Work to be completed
Print the whole listing again exactly as it stands, leaving out any images.

Data excerpt
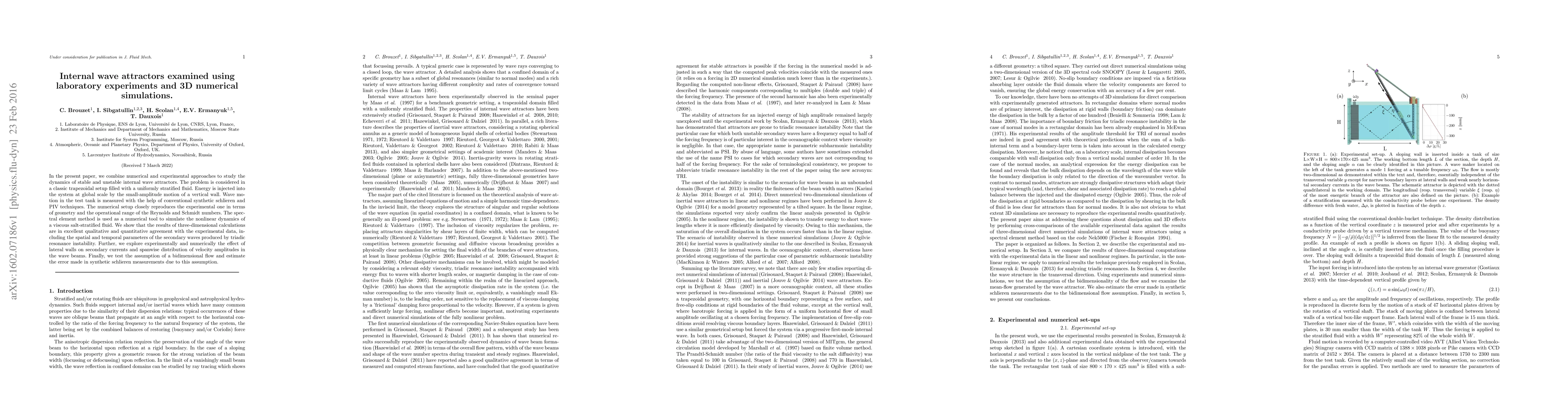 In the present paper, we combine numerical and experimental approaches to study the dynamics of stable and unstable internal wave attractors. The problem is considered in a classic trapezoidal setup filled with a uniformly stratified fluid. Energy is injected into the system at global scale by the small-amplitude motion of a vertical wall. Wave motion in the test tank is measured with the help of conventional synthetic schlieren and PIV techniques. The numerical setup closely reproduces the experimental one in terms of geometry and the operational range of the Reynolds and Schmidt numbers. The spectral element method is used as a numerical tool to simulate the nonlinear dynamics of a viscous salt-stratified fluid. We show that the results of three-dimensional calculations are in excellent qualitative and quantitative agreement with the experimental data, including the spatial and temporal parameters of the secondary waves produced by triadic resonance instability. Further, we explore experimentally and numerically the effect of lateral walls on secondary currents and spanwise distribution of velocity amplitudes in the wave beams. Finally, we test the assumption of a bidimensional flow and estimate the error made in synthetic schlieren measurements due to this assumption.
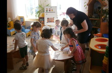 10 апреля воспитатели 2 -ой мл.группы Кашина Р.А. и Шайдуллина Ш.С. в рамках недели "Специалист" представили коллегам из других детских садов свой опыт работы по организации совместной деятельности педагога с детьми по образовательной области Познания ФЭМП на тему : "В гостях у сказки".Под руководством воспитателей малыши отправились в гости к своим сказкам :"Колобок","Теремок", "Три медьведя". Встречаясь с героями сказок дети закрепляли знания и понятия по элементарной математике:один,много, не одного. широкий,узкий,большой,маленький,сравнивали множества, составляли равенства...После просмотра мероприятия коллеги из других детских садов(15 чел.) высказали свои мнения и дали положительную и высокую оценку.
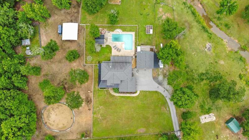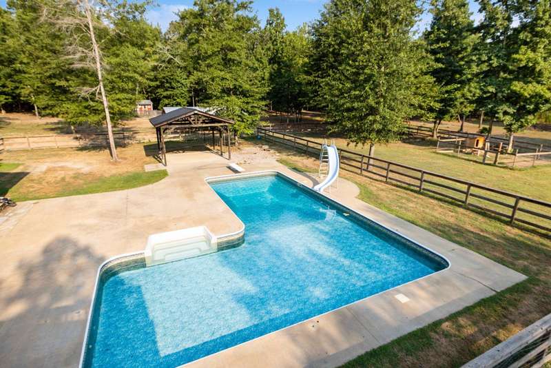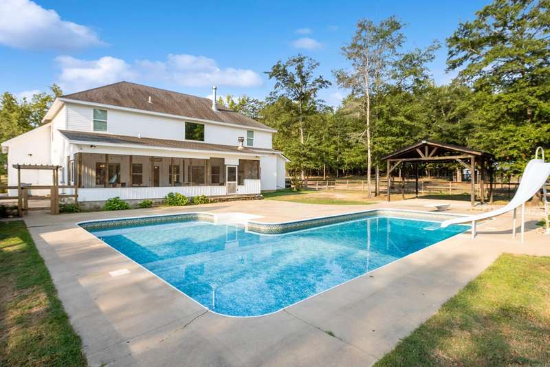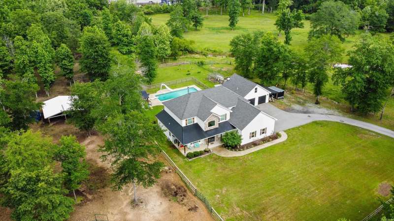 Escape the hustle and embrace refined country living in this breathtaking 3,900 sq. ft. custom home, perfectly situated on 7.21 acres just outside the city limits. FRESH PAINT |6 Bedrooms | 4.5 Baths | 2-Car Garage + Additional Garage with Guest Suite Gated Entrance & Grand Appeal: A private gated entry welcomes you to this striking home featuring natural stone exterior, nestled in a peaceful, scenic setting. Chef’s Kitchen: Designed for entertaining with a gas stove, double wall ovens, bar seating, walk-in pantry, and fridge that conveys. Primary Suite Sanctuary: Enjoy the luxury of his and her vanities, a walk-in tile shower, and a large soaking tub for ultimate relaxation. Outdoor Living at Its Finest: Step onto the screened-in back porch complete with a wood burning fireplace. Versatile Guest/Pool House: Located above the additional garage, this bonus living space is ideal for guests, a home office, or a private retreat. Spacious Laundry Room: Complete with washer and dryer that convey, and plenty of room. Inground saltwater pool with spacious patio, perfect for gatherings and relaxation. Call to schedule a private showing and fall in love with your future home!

Exercise output
 In the present paper, we combine numerical and experimental approaches to study the dynamics of stable and unstable internal wave attractors. The problem is considered in a classic trapezoidal setup filled with a uniformly stratified fluid. Energy is injected into the system at global scale by the small-amplitude motion of a vertical wall. Wave motion in the test tank is measured with the help of conventional synthetic schlieren and PIV techniques. The numerical setup closely reproduces the experimental one in terms of geometry and the operational range of the Reynolds and Schmidt numbers. The spectral element method is used as a numerical tool to simulate the nonlinear dynamics of a viscous salt-stratified fluid. We show that the results of three-dimensional calculations are in excellent qualitative and quantitative agreement with the experimental data, including the spatial and temporal parameters of the secondary waves produced by triadic resonance instability. Further, we explore experimentally and numerically the effect of lateral walls on secondary currents and spanwise distribution of velocity amplitudes in the wave beams. Finally, we test the assumption of a bidimensional flow and estimate the error made in synthetic schlieren measurements due to this assumption.
 10 апреля воспитатели 2 -ой мл.группы Кашина Р.А. и Шайдуллина Ш.С. в рамках недели "Специалист" представили коллегам из других детских садов свой опыт работы по организации совместной деятельности педагога с детьми по образовательной области Познания ФЭМП на тему : "В гостях у сказки".Под руководством воспитателей малыши отправились в гости к своим сказкам :"Колобок","Теремок", "Три медьведя". Встречаясь с героями сказок дети закрепляли знания и понятия по элементарной математике:один,много, не одного. широкий,узкий,большой,маленький,сравнивали множества, составляли равенства...После просмотра мероприятия коллеги из других детских садов(15 чел.) высказали свои мнения и дали положительную и высокую оценку.
 Escape the hustle and embrace refined country living in this breathtaking 3,900 sq. ft. custom home, perfectly situated on 7.21 acres just outside the city limits. FRESH PAINT |6 Bedrooms | 4.5 Baths | 2-Car Garage + Additional Garage with Guest Suite Gated Entrance & Grand Appeal: A private gated entry welcomes you to this striking home featuring natural stone exterior, nestled in a peaceful, scenic setting. Chef’s Kitchen: Designed for entertaining with a gas stove, double wall ovens, bar seating, walk-in pantry, and fridge that conveys. Primary Suite Sanctuary: Enjoy the luxury of his and her vanities, a walk-in tile shower, and a large soaking tub for ultimate relaxation. Outdoor Living at Its Finest: Step onto the screened-in back porch complete with a wood burning fireplace. Versatile Guest/Pool House: Located above the additional garage, this bonus living space is ideal for guests, a home office, or a private retreat. Spacious Laundry Room: Complete with washer and dryer that convey, and plenty of room. Inground saltwater pool with spacious patio, perfect for gatherings and relaxation. Call to schedule a private showing and fall in love with your future home!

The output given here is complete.